Crepitus is "a grating sound or sensation produced by friction between bone and cartilage or the fractured parts of a bone".

Various types of crepitus that can be heard in joint pathologies are:
Bone crepitus: This can be heard when two fragments of a fracture are moved against each other.
Joint crepitus: This can be obtained when the affected joint is passively moved with one hand, while the other hand is placed on the joint to feel the crepitus.
Crepitus of bursitis: This is heard when the fluid in the bursa contains small, loose fibrinous particles.
Crepitus of tenosynovitis: From inflammation of the fluid-filled sheath (synovium) that surrounds a tendon.

Causes
The sound can be created when two rough surfaces in an organism's body come into contact—for example, in osteoarthritis or rheumatoid arthritis when the cartilage around joints erodes and the surfaces in the joint grind against one another, or when the two fractured surfaces of the broken bones rub together. Crepitus is a common sign of bone fracture.

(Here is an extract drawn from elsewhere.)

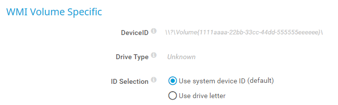 • Use system device ID (default): Use the system device ID. This is usually the best option for this sensor because the device ID does not change when the volume is renamed.
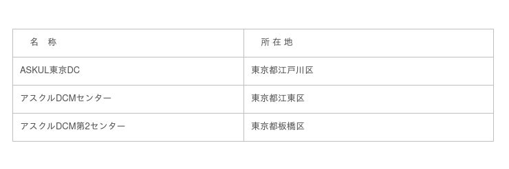 (※2)「ASKUL東京DC」(江戸川区臨海町)は、高台エリアのため洪水・高潮・津波等の水害のリスクは低いと言われています。

Crepitus can easily be created and observed by exerting a small amount of force on a joint, thus 'cracking it'. This is caused by bubbles of nitrogen forming in the synovial fluid bursting. Almost every joint in the body can be 'cracked' in this way, but the joints which require the least amount of effort include the hallux, knuckles and neck joints.

In soft tissues, crepitus can be produced when gas is introduced into an area where it is normally not present. 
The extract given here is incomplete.